FIG 1 .

Schematic description of the model. (A) Activator A activates its own transcription and transcription of R, while R represses the transcription of A. Numbers of protein A, N_A, and protein R, N_R, were simulated stochastically. The cell volume is denoted by Ω; hence, the densities of proteins A and R are given by $N_A/\Omega$ and $N_R/\Omega$, respectively. The production rates of A and R are assumed to be $P_A^0\left({\Phi }_A,{\Phi }_R\right)\cdot \Omega \cdot g$ and $P_R^0\left({\Phi }_R\right)\cdot \Omega \cdot g$, respectively, where $P_X^0$ includes the effect of the activation and repression with Hill coefficient 2. The proportionality to cell volume Ω is due to the assumption that the gene copy number grows with the cell volume, while the proportionality to cell growth rate g is introduced as the simplest way to include the slowing down of the metabolism with the nutrition availability.
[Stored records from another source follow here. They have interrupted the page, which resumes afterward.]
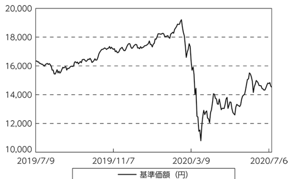
基準価額等の推移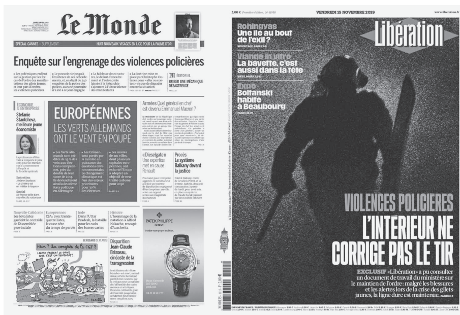
Fig. 1 et 2 – Le Monde , 14 mai 2019, p. 1. Libération , 15 novembre 2019, p. 1.

La mise en exergue de la répression dans la presse ne s'effectuera qu'après la période la plus active du conflit. Le premier, Le Monde , consacre sa manchette de une à la question des violences policières dans son édition du 14 mai 2019, six mois après le début du mouvement des Gilets jaunes 5 (fig. 1). Libération attendra le 15 novembre 2019, pour le numéro anniversaire de la crise 6 (fig. 2). Selon l'éditorialiste Paul Quinio, « l'expression "violences policières", réfutée par Christophe Castaner, s'est imposée comme un vocable phare de l'année mouvementée qui s'achève 7 ».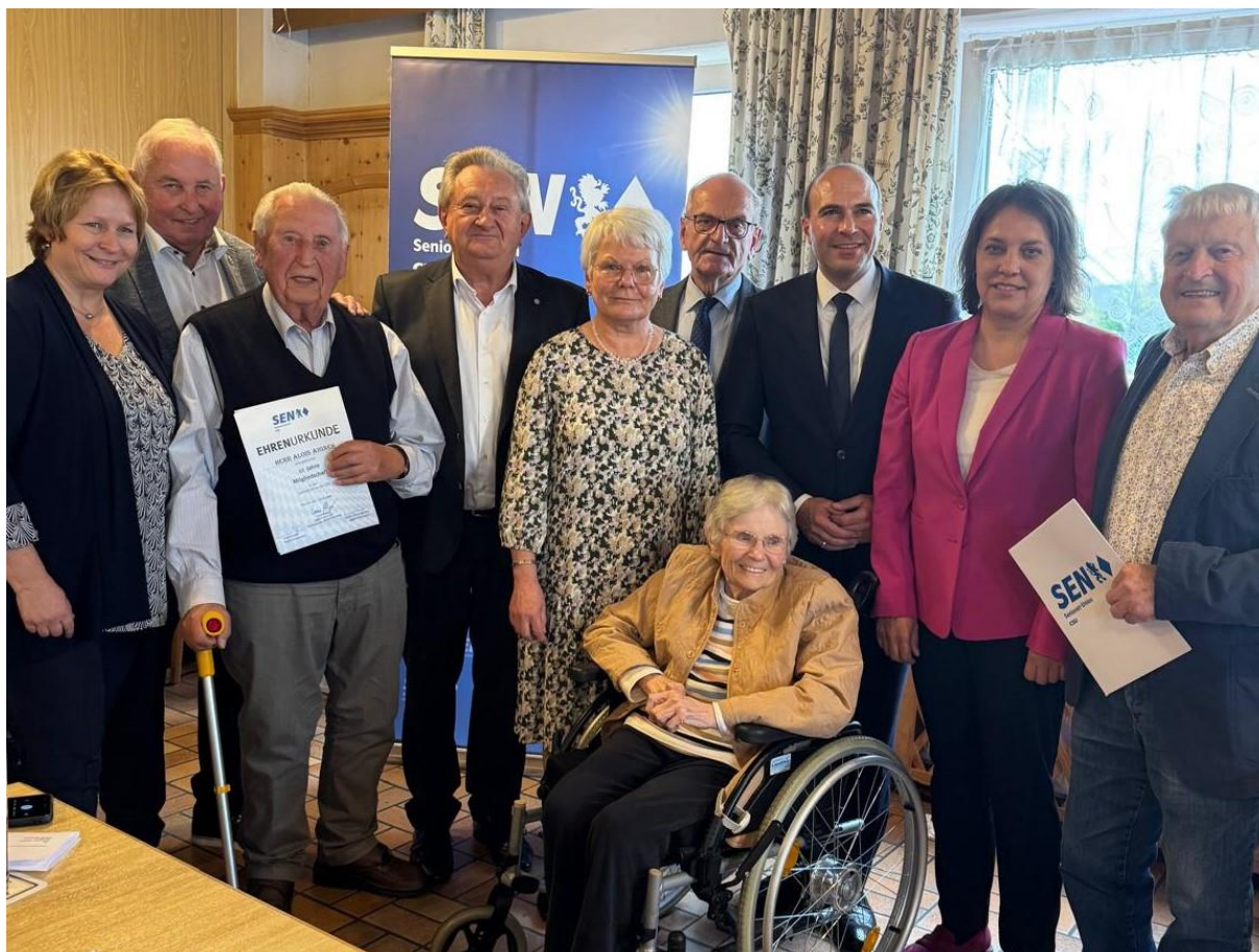
Die Ehrengäste und die geehrten Gründungsmitglieder am Ende der Feierstunde.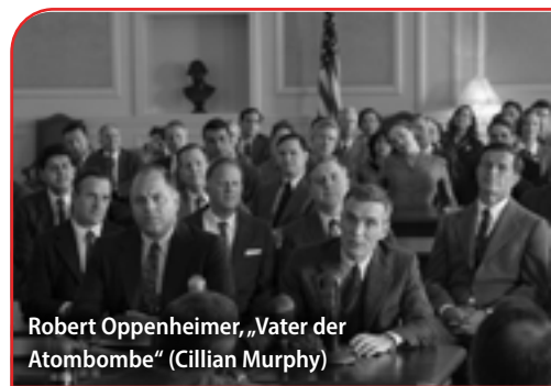
Robert Oppenheimer, „Vater der Atombombe“ (Cillian Murphy)

Das von Christopher Nolan geschriebene und inszenierte Thriller-Epos „Oppenheimer“ konfrontiert das Publikum mit dem pulsie-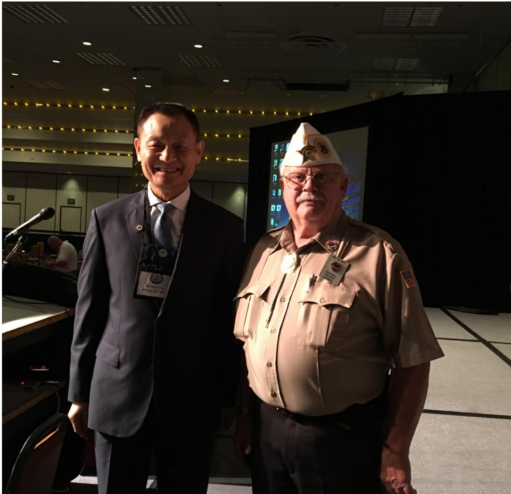
AMVETS 老兵感到能夠與李主委合影與有榮焉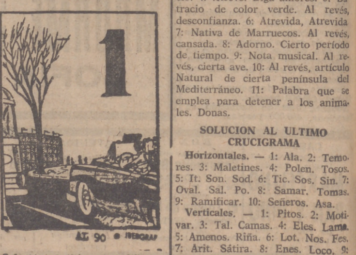
Solución al último jerooglífico: COMO ROSCONES

SOLUCION AL ULTIMO CRUCIGRAMA Horizontales. — 1: Ala. 2: Temores. 3: Maletines. 4: Polen. Tosos. 5: It. Son. Sod. 6: Tic. Sos. Sin. 7: Oval. Sal. Po. 8: Samar. Tomas. 9: Ramificar. 10: Señeros. Asa. Verticales. — 1: Pitos. 2: Mofivar. 3: Tal. Camas. 4: Eles. Lamá. 5: Amenos. Rifa. 6: Lot. Nos. Fos. 7: Arit. Sátira. 8: Enes. Loco. 9: Sesos. Más. 10: Sodipar. 11: Sa. nos.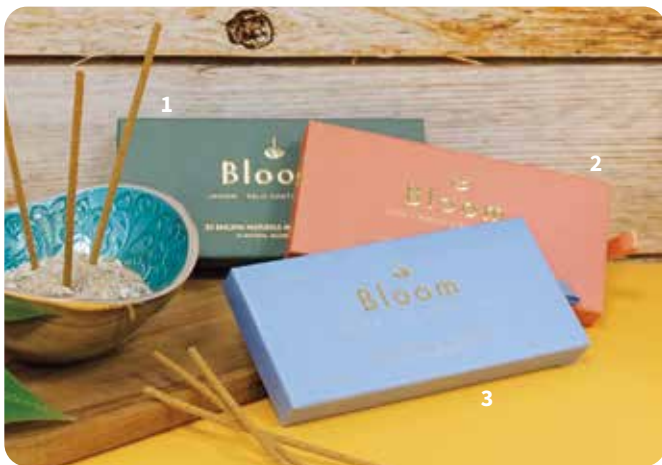
Dekoration im Lieferumfang nicht enthalten.

Sweet Sand lässt uns an einen Spaziergang auf einer Insel denken. Genießen Sie einen zeitlosen, exotischen Moment, während Ihre Haut von einer warmen, blumigen Brise zärtlich gestreichelt wird. | 450030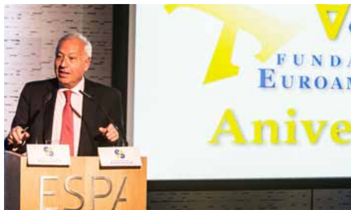
Intervención del Ministro de Asuntos Exteriores y de Cooperación, José Manuel García-Margallo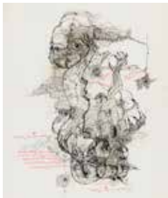
Unica Zürn

Paolo Veronese, Hans Baldung Grien, Jean-Baptiste Carpeaux, Pierre Alechinsky, Unica Zürn, Jean-Michel Alberola... les artistes présentés dans cette exposition abordent la question des relations entre texte et image. Par les inscriptions, le visiteur se trouve au cœur de la création et perçoit toutes les complexités d'une invention où se mêlent imagination, contraintes d'une commande, culture visuelle, mais aussi hasard et improvisations.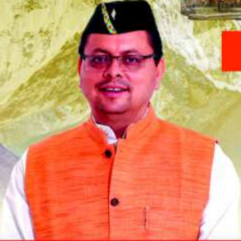
पुष्कर सिंह धामी मुख्यमंत्री, उत्तराखण्ड

“माननीय प्रधानमंत्री जी ने 21वीं सदी के तीसरे दशक को उत्तराखण्ड का दशक कहा है। हम प्रधानमंत्री जी के विजन के अनुरूप राज्य को हर क्षेत्र में आदर्श राज्य बनाने के लिये विकल्प रहित संकल्प के साथ काम कर रहे हैं।”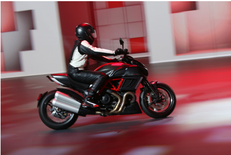
Shanghai 2013: Volkswagen Group Night: Ducati Diavel.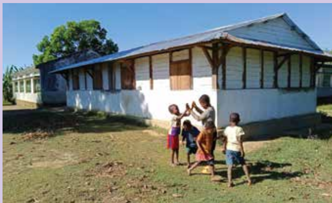
Novozgrajeni učilnici nižje gimnazije v Ampitafo na Madagaskarju.

Vso to pomoč smo zmogli le s pomočjo srčne dobrote Slovencev. Samo beseda HVALA težko zajame vse tisto, kar čutimo skupaj z misijonarji ob tej vaši dobroti. Težko je z besedami opisati, kaj vsa ta slovenska pomoč resnično pomeni revnim in pogosto pozabljenim ljudem na drugem koncu sveta, ki se vas hvaležno spominjajo v svojih molitvah. Naj bo vaša dobrot obilno poplačana v vašem življenju.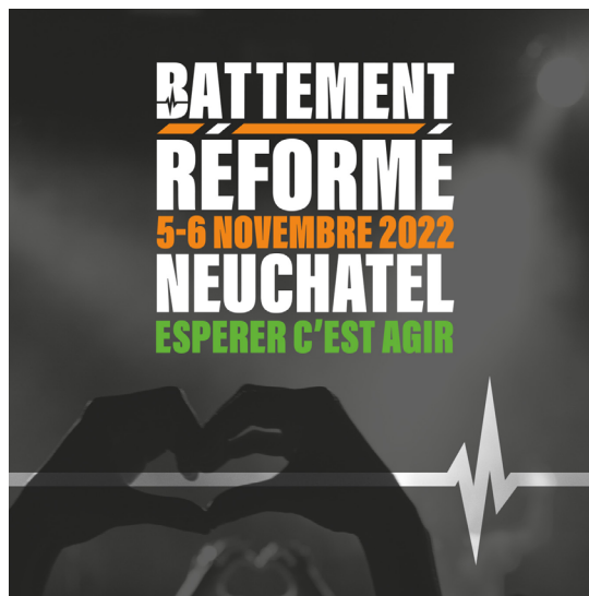
24h pour partager, prier et célébrer ensemble !

Pour contribuer à la réussite du festival, toutes les forces bénévoles, en groupes ou en solo sont bienvenues. Le festival repose aussi sur votre générosité.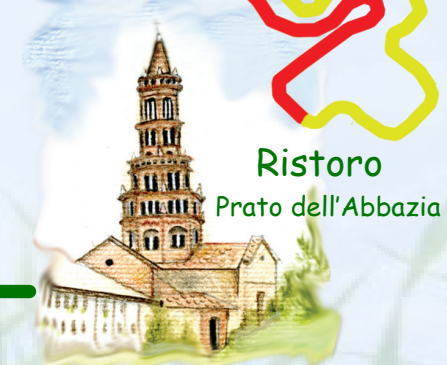
Ristoro Prato dell'Abbazia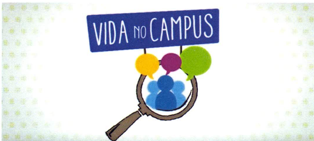
Abertura do quadro Vida no Campus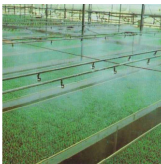
Slika 18. Navodnjavanje mikro-rasprskivačima (izvor: http://pseno.hr/navodnjavanje/ )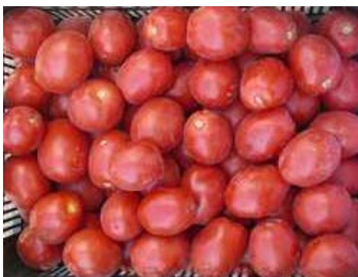
Top 67 (Intersemillas)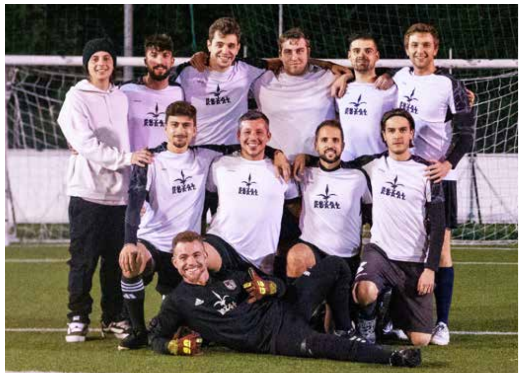
📷 Vittoria in B per il Royal Kokal/Cne Ponteggi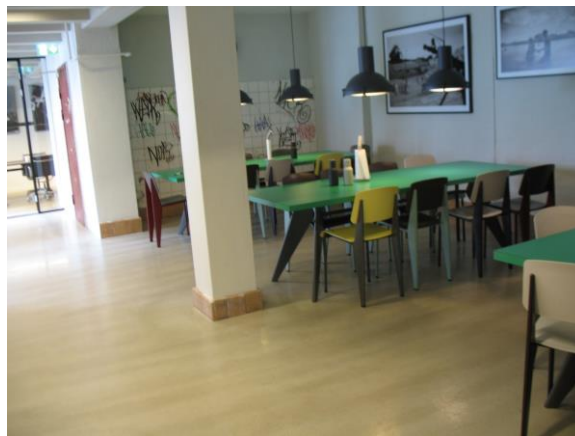
Billede 5: Kantinen hos Lead Agency

En Materiel proces kan også affordes gennem farvevalg. Hos Lead Agency havde man valgt at indrette kantinen med grønne borde. Borde og stole i en kantine er naturligvis Aktører i at afforde en potentiel Opretholdelsesproces, hvor medarbejderne sidder og spiser. Det særlige farvevalg gør dog, at der affordes en særlig adfærd imens. Farvevalget kan være med til at afforde en potentiel Opretholdelsesproces, hvor man sidder og spiser under en løssluppenhed med høje samtaler, stor gestik og latter. Rumindretningen kan her anskues som en katalysator for en potentiel Ekspressiv adfærdsproces, hvilket berøres nærmere i afsnittet om et integreret socialsemiotisk og kognitivt Designstratum. Farvevalget kan også anskues som en potentiel Symbolsk proces, men ved at beskrive det som en potentiel Opretholdelsesproces er der fokus på, at der affordes en potentiel handling og ikke et symbol herpå.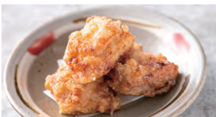
塩麴のから揚げ Fried chicken with Shio Koji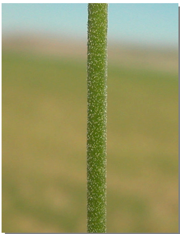
S. rubella . Detalle del tallo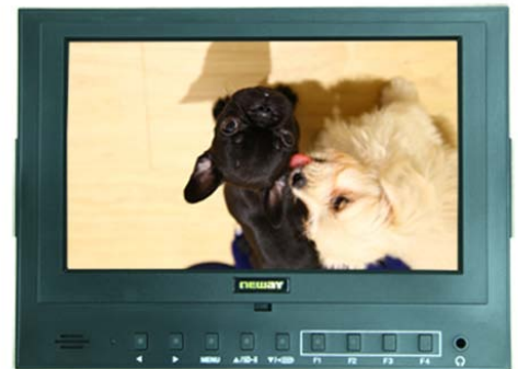
イメージフリップ機能有効時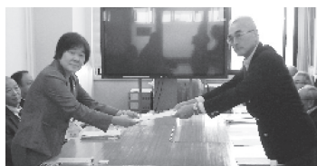
要望書を提出の様子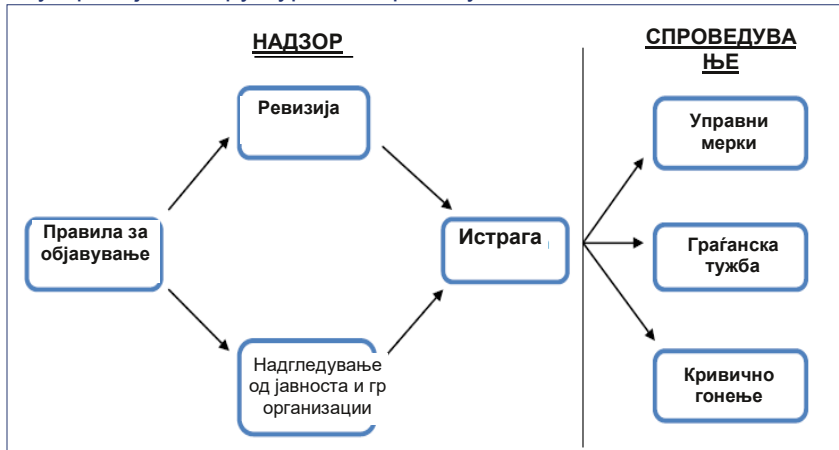
Илустрација 4: Структура на спроведувањето

не се доволни за постигнување транспарентност во политичкото финансирање.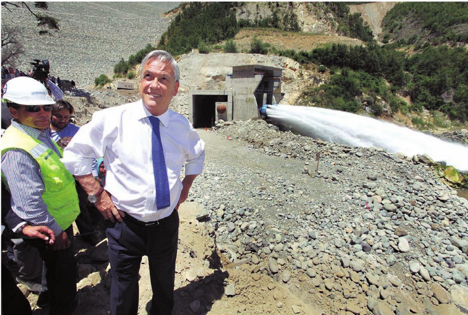
El Presidente Sebastián Piñera durante la inauguración del nuevo embalse Ancoa. 9 de enero de 2013.

este embalse que les va a permitir mejorar sus condiciones de riego. Han pasado casi cuatro años desde que comenzó la construcción de esta gran obra y hoy por fin podemos decir que nuestros regantes y todos los habitantes de la Región del Maule tienen un embalse como se merecen", dijo la ministra de Obras Públicas, Loreto Silva.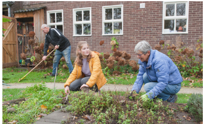
Vrijwilligers en een stagiair van de Broederij aan het werk.

De meeste werkzaamheden zijn onderhoudswerkzaamheden. Voor een deel van de werkzaamheden is nog goedkeuring nodig van de huurders.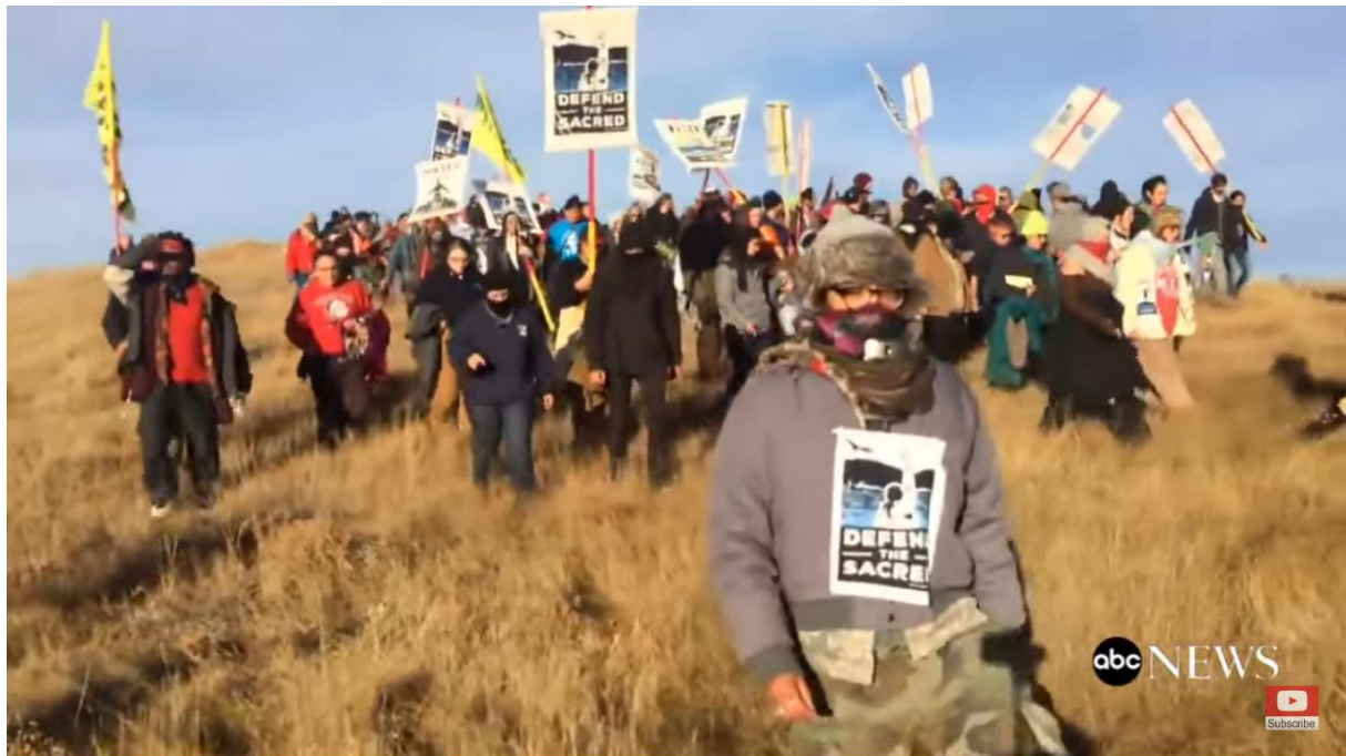
Figur 14. Aksjon med banneret med budskap 'Defend The Sacred' ( The Seventh Generation 2017 21:56 ).

formatet blir ikke mye brukt utover dette. Jeg mener likevel at det er verdt å ta med, da man ser både religiøst ladede og politiske budskap i disse eksemplene.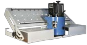
Winkeltisch mit Aufnahme für den Kantenknirps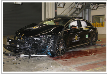
Mercedes EQS im Euro-NCAP-Crashtest.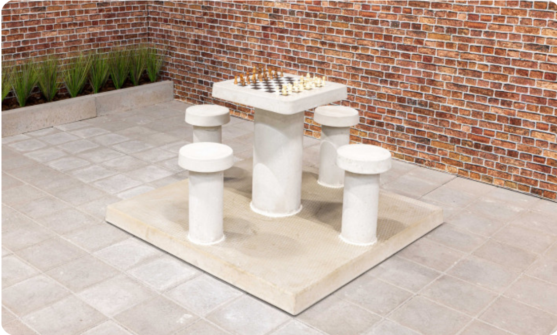
Table d'échecs en béton naturel, 4 personnes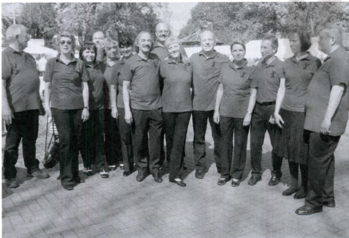
Mit einheitlichen Shirts zeigt sich die Tanzsparte in der Öffentlichkeit.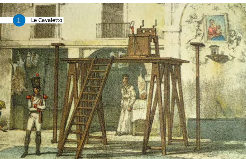
1 Le Cavaletto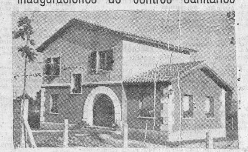
Perspectiva del magnífico centro primario de higiene rural, construido en Santa María Rivarredonda, uno de los tres edificios similares bendecidos e inaugurados ayer, con asistencia de las primeras autoridades provinciales, en dicha localidad y en las de Quintana de Valdivielso y Quintanavides.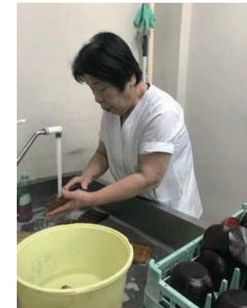
厨房で働く女性（73歳）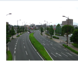
<国体道路東西線-長嶺付近>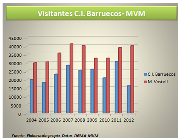
Figura 7. Visitantes del C.I. Barruecos - MVM.

Al número de visitantes del Monumento Natural en sí, pase o no por el CI y/o por el MVM, ha de unirse un colectivo importante de usuarios del mismo, los habitantes de la localidad, para los que los Barruecos es un espacio de identidad y de ocio. De un modo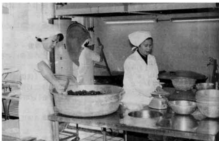
260名の我が子のために……

教育の本道は対話にある…… これは校長先生の持論であり、人間的なふれ合いのなかで、人間としての生きざまについて、本音で語り合うことのような機会はおそらく生徒達にとって貴重な体験となる事でしょう。 校長室だけでなく、各教室においても給食は小グループになって、いろんな会話のなかで、又担任の先生も順に仲間入りして会食されてお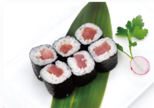
61. TEKKA MAKI tonno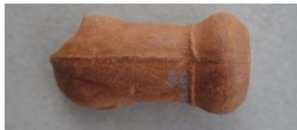
Sl. 51 Ulomak turskog tipa lule

U literaturi ne nalazimo blisku analogiju. Moguće je da pripada 18. ili 19. stoljeću.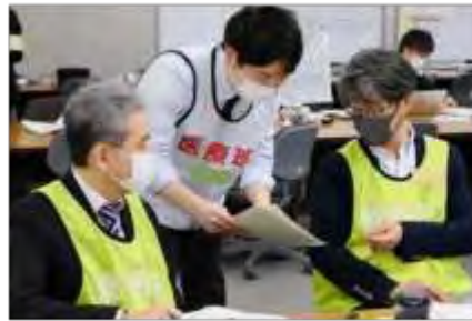
総務班と医療班の調整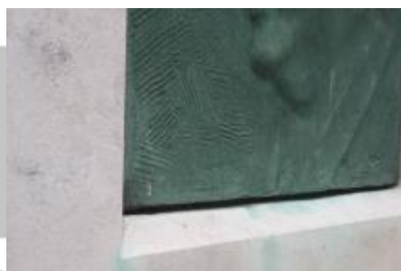
signatura (2/2023, KK)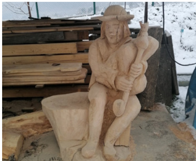
Rzeźba bacy-gajdosza i koronczarki – zrealizowane w ramach projektu „Fortyfikacje Szańce – společná historia, která łączy do dzisiaj”

Aneta Legierska – kierownik promocji i informacji turystycznej GOK

Similarly, the active degradation of the protein is assumed to be proportional to g(n). The cell volume grows exponentially with nutrition (n)-dependent growth rate. The time unit is chosen so that the highest growth rate in very rich medium becomes unity. The nutrients diffuse with diffusion rate D and are consumed by the growing cells, with a proportionality constant between the growth rate and consumption rate of ω. A cell division happens when volume Ω reaches the threshold 2Ω₀, and proteins are stochastically separated to the two daughter cells. (B) As cells divide, cells interact mechanically to push each other, and eventually form a nearly circular colony.